WHAT THE EXERCISE ASKS: Please set down only the lines below starting with the line with "みなさんこんにちは! トレカブログです! 大好評につき、即完売してしまった" and going on through the line with "Lot of seventy-six.", verbatim and without pictures.

DATASET EXCERPTS:
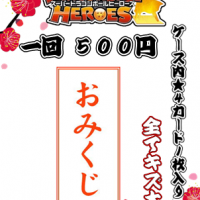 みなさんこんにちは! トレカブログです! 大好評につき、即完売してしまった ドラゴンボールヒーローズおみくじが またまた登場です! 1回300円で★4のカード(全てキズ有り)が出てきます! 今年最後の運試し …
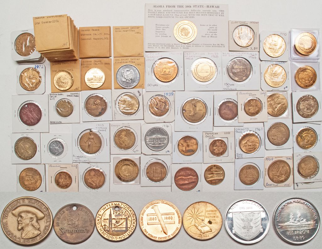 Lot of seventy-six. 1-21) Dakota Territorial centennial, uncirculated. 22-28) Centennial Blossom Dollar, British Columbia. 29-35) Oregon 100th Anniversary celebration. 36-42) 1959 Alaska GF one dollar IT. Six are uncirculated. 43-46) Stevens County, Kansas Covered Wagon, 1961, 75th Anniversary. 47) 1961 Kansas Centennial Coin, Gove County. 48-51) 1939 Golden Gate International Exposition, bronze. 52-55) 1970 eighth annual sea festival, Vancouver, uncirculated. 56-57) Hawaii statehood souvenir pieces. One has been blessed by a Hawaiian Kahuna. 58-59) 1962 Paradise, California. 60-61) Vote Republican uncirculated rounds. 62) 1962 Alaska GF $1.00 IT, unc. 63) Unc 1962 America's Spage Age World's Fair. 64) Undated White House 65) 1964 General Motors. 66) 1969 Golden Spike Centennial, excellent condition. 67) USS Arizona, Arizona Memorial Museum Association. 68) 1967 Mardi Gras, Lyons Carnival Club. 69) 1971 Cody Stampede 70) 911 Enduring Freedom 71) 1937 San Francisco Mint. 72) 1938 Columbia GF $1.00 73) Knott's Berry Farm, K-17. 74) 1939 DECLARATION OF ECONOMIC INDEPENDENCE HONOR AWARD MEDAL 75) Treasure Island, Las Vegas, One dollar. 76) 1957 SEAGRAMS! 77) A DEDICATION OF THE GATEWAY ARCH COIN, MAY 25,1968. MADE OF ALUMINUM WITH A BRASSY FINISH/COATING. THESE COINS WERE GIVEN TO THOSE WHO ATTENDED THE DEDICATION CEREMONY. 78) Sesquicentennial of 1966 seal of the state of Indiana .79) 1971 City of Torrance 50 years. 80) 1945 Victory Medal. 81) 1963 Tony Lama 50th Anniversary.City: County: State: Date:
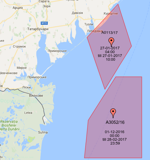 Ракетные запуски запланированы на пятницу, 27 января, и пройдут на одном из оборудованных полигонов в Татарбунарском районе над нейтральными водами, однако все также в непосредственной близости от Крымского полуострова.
* * *
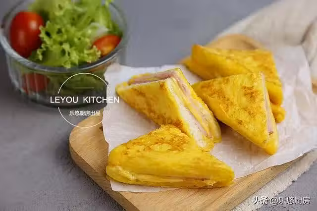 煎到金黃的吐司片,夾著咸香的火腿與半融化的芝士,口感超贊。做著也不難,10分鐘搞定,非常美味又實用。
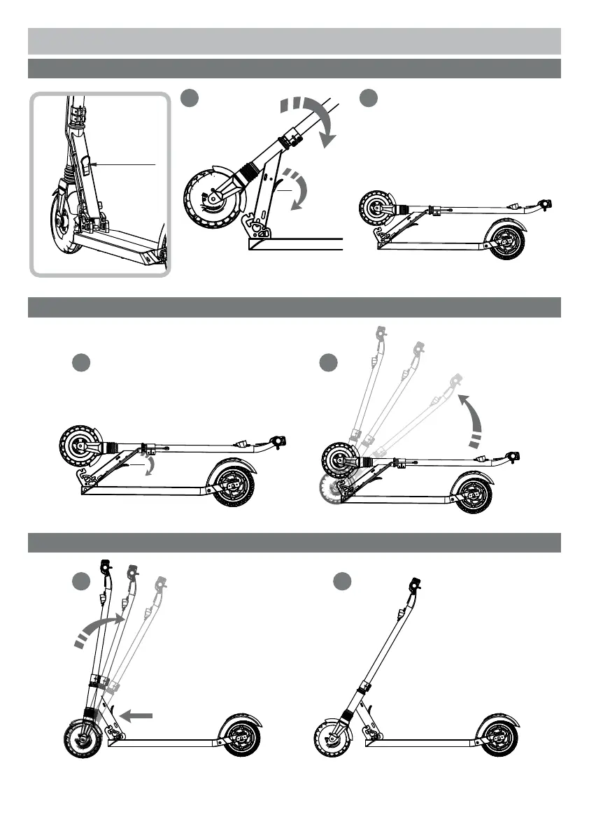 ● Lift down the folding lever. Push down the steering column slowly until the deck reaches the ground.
* * *
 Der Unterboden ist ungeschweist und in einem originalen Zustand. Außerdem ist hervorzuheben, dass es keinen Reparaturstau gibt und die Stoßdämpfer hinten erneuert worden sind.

SOLUTION:
 みなさんこんにちは! トレカブログです! 大好評につき、即完売してしまった ドラゴンボールヒーローズおみくじが またまた登場です! 1回300円で★4のカード(全てキズ有り)が出てきます! 今年最後の運試し …
 Lot of seventy-six. 1-21) Dakota Territorial centennial, uncirculated. 22-28) Centennial Blossom Dollar, British Columbia. 29-35) Oregon 100th Anniversary celebration. 36-42) 1959 Alaska GF one dollar IT. Six are uncirculated. 43-46) Stevens County, Kansas Covered Wagon, 1961, 75th Anniversary. 47) 1961 Kansas Centennial Coin, Gove County. 48-51) 1939 Golden Gate International Exposition, bronze. 52-55) 1970 eighth annual sea festival, Vancouver, uncirculated. 56-57) Hawaii statehood souvenir pieces. One has been blessed by a Hawaiian Kahuna. 58-59) 1962 Paradise, California. 60-61) Vote Republican uncirculated rounds. 62) 1962 Alaska GF $1.00 IT, unc. 63) Unc 1962 America's Spage Age World's Fair. 64) Undated White House 65) 1964 General Motors. 66) 1969 Golden Spike Centennial, excellent condition. 67) USS Arizona, Arizona Memorial Museum Association. 68) 1967 Mardi Gras, Lyons Carnival Club. 69) 1971 Cody Stampede 70) 911 Enduring Freedom 71) 1937 San Francisco Mint. 72) 1938 Columbia GF $1.00 73) Knott's Berry Farm, K-17. 74) 1939 DECLARATION OF ECONOMIC INDEPENDENCE HONOR AWARD MEDAL 75) Treasure Island, Las Vegas, One dollar. 76) 1957 SEAGRAMS! 77) A DEDICATION OF THE GATEWAY ARCH COIN, MAY 25,1968. MADE OF ALUMINUM WITH A BRASSY FINISH/COATING. THESE COINS WERE GIVEN TO THOSE WHO ATTENDED THE DEDICATION CEREMONY. 78) Sesquicentennial of 1966 seal of the state of Indiana .79) 1971 City of Torrance 50 years. 80) 1945 Victory Medal. 81) 1963 Tony Lama 50th Anniversary.City: County: State: Date:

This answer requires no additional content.